You know where landfill ends up in when not properly sealed?

Groundwater and rain runoff.

Drinking partially degraded plastic is not exactly neutral to health. Poisoning wildlife with the added colorings or plastics themselves, neither. Especially insidious are plastic fibres - partially synthetic textiles. These should all be burned clean at very high temperatures first.

Litter is easy to remove and even burn, micrometer level plastic dust is not. Standard water treatment at best can sediment some kinds of microplastics but not all. The cutoff levels that are safe for health for some plastics are miniscule for chronic intake. (Urethanes especially - kidney toxicity and cancer, probably others too. BPA is a joke compared to base PET stock at micrometers chronically.)

> You know where landfill ends up in when not properly sealed?

So then don't do that?

And realistically, are landfills in the US and Europe leaking or not?

Water runoff and sludge from landfills is treated, however only final very time consuming steps of biological sedimentation and treatment can remove most of them. Or very fine reverse osmosis or treatment with micron level filters, very energy intensive. So they do tend to end up in clean drinking water.
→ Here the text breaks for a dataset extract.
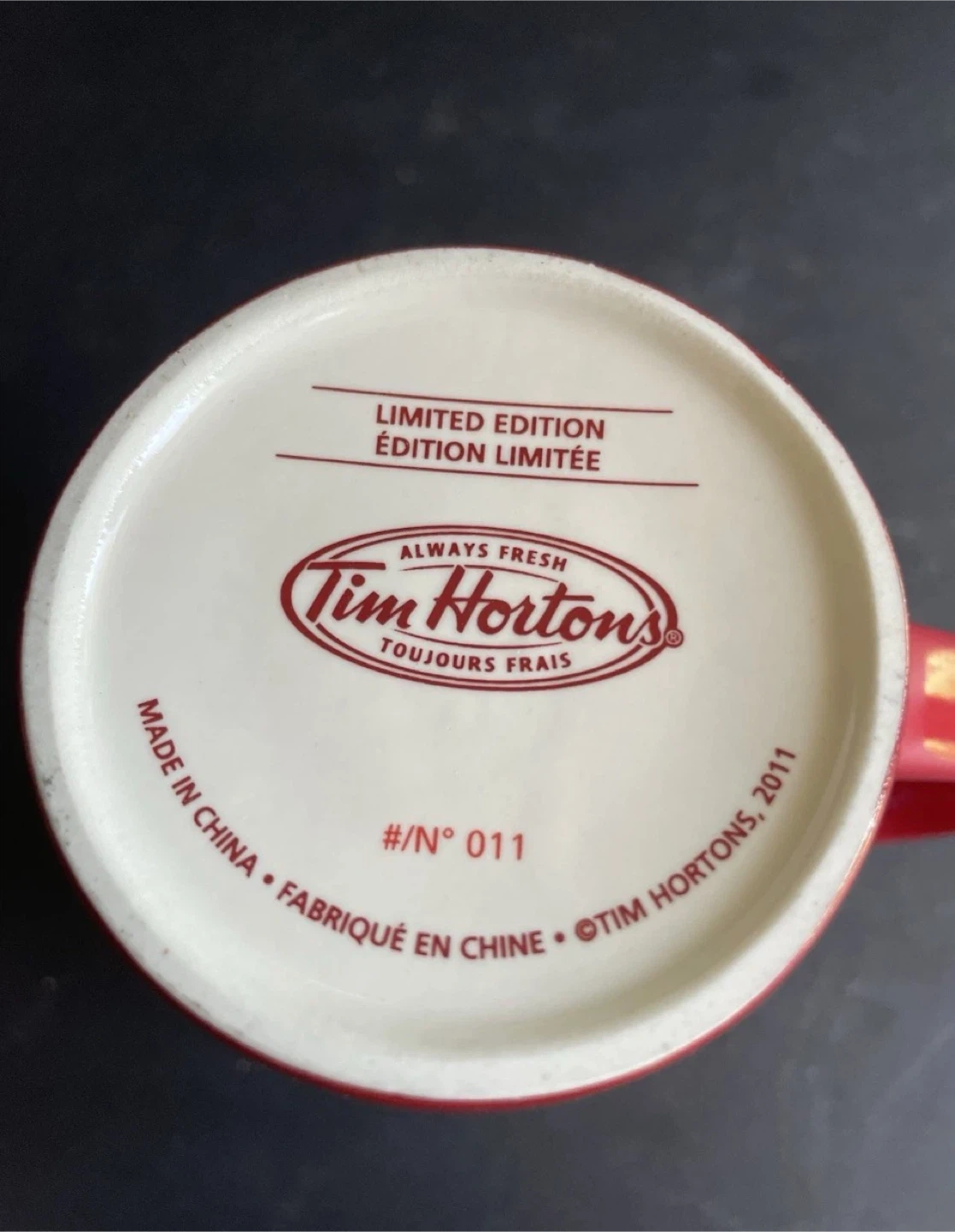 This mug is in good condition and features a charming design, perfect for collectors or Tim Hortons enthusiasts. The mug is a limited edition from 2011.

There are many sources and no norms.

Sometimes even metals bordering on norms can be detected near landfills.

Sample efficiency ranges: https://www.sciencedirect.com/science/article/abs/pii/S00431...
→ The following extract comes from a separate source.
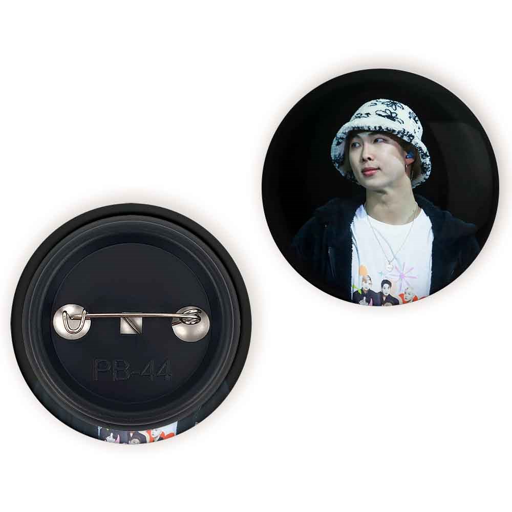 پیکسل 44 میلی متری نامجون Namjoon گروه بی تی اس BTS خندالو با روکش سلفون حرارتی مات مخملی ضدخش و قطعه پشتی رنگی تولید شده است.پلاستیکی پشت پیکسل با سوزن یک تکه ثابت و بدون لغزش و جا به جایی، ایستایی بسیار بهتری نسبت به پشتی فلزی پیکسل دارند که این مهم در تولید این محصول نیز رعایت شده است.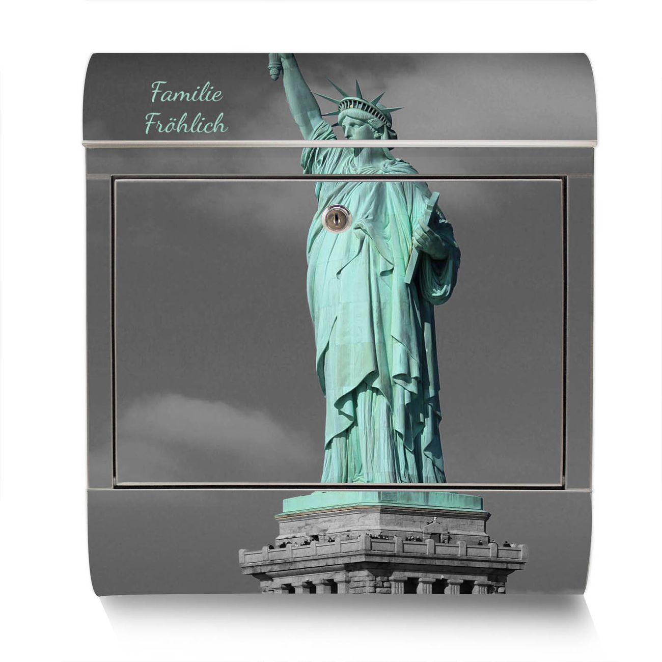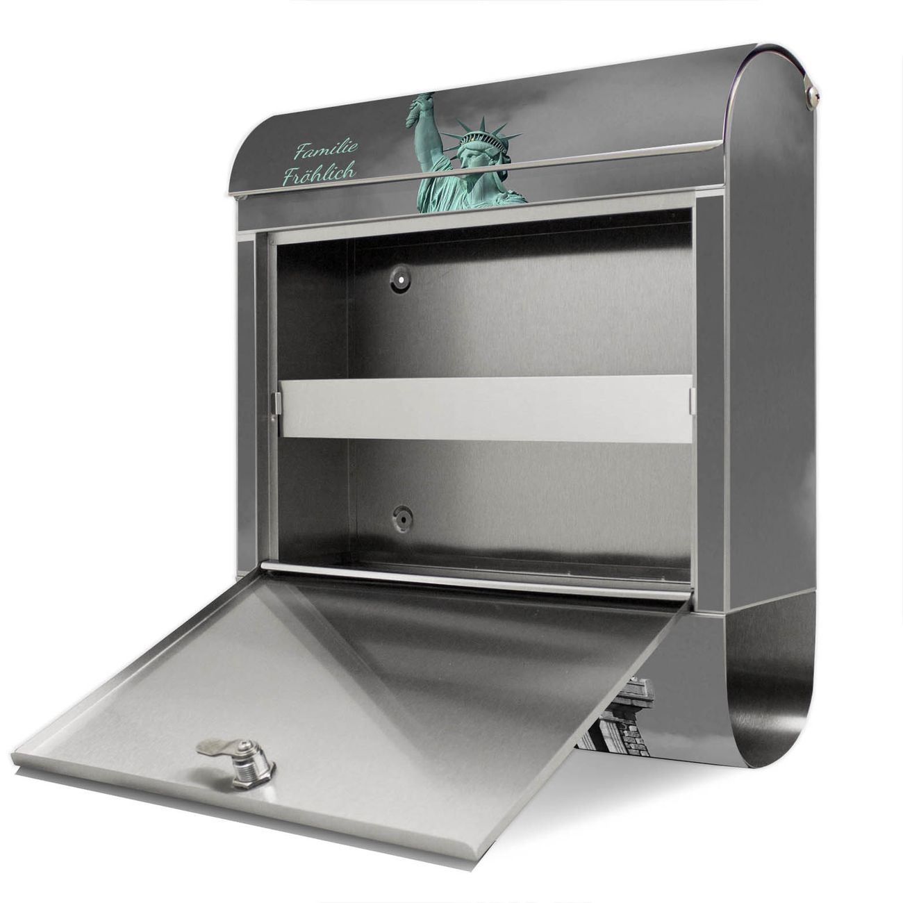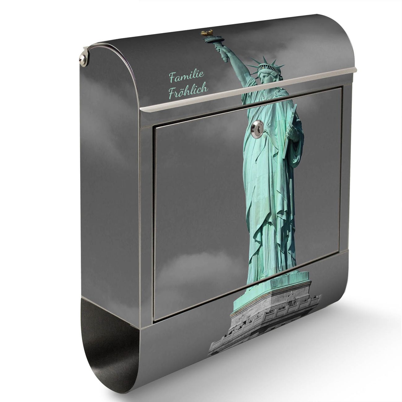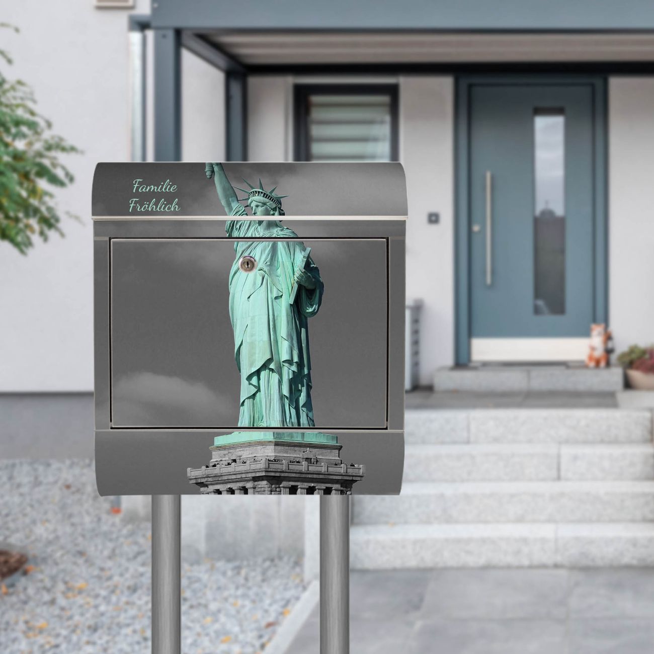 Der banjado Edelstahl Standbriefkasten mit Motiv Freiheitsstatue und eigenem Wunschtext bietet Ihnen mit seinem Fassungsvermögen genügend Platz auch für große A4 Sendungen. Das integrierte Zeitungsfach eignet sich hervorragend, um unkompliziert die Tageszeitung zu fassen.

I had a link with site in Sweden barely keeping norms for lead and cobalt... due to organic decomposition and incomplete runoff collection. Bad enough that I wouldn't build a well within some 10 km radius.
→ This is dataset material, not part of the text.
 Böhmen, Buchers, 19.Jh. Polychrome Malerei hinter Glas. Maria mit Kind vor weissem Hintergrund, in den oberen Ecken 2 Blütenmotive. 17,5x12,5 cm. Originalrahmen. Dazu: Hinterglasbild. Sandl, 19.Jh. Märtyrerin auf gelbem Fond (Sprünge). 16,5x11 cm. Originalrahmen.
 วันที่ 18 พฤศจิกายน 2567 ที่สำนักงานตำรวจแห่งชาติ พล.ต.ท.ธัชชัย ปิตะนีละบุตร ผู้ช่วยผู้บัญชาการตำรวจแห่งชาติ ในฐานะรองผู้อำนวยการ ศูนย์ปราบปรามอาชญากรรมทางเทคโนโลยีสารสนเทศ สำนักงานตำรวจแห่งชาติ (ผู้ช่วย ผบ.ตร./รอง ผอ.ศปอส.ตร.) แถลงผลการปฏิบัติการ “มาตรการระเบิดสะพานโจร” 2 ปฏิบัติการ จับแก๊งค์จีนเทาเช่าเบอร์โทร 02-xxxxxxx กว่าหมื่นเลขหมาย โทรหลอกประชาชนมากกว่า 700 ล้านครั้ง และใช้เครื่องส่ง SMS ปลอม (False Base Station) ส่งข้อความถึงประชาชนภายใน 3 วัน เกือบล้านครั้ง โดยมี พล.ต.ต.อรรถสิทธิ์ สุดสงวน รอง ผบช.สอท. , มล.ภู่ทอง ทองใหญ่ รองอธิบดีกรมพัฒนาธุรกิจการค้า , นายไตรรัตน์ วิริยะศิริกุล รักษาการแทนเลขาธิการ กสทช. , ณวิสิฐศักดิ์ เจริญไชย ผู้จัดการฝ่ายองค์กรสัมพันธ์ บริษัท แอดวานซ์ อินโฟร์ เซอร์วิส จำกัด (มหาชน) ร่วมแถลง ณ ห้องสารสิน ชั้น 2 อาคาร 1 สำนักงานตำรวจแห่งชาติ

Read up on what happens to all this thing called leachate.

This is a main reason why European Commission wants the landfills to remain as exception.

> And realistically, are landfills in the US and Europe leaking or not?

Yes, they are. See https://pubs.usgs.gov/fs/fs-040-03/. A key quote:

> The USEPA has concluded that all landfills eventually will leak into the environment

We can minimize the amount of material that leaks, but it seems that all landfills will eventually leak at least some of their contents.

Landfills are funded by the public. Public money has to be spent to fix problems caused by private companies. Is that not a problem?
People are lazy and selfish. If government doesn't give them a disincentive: fines for littering, high taxes for buying unrecyclable plastics or banning them outright, people flat out do not change their behavior. If everyone on earth consumed and trashed as much as the average American, the whole planet would be a toxic waste dump. And we've seen that in the early part of the industrial revolution in the U.S., toxic rivers and streams, that took decades and billions of mostly public funds to clean up those superfund sites.
Most Germans don't bring back racks of glass beer bottles and bags full of plastic water bottles because they care about the environment so much - they do it because there's a 0.08-0.15 EUR deposit on reusable glass, 1.50 EUR on the plastic racks and 0.25 EUR on one-time use plastic drink bottles, and big stores that sell bottle drinks have developed automats for accepting the empties and tallying up the refunds because they have to accept all standard bottles, even if they don't sell that particular item.

Any other recycling that happens is mostly because trash bins are only emptied every two weeks, and more than a 60L bin for a household is punitively expensive. Even if you don't care about the 3.10 EUR you'd get back for the rack of beer, you do care about having to pay to get rid of something that large.

Or at the very least, tax them.
Taxation enough to matter would be tantamount to a ban, with exception of a few specialty uses.
Exactly. But it has the advantage that nobody at the government needs to figure out what the exceptional cases are.
But they have to figure the amount, and it's lobbied down or out. So it won't be an effective measure.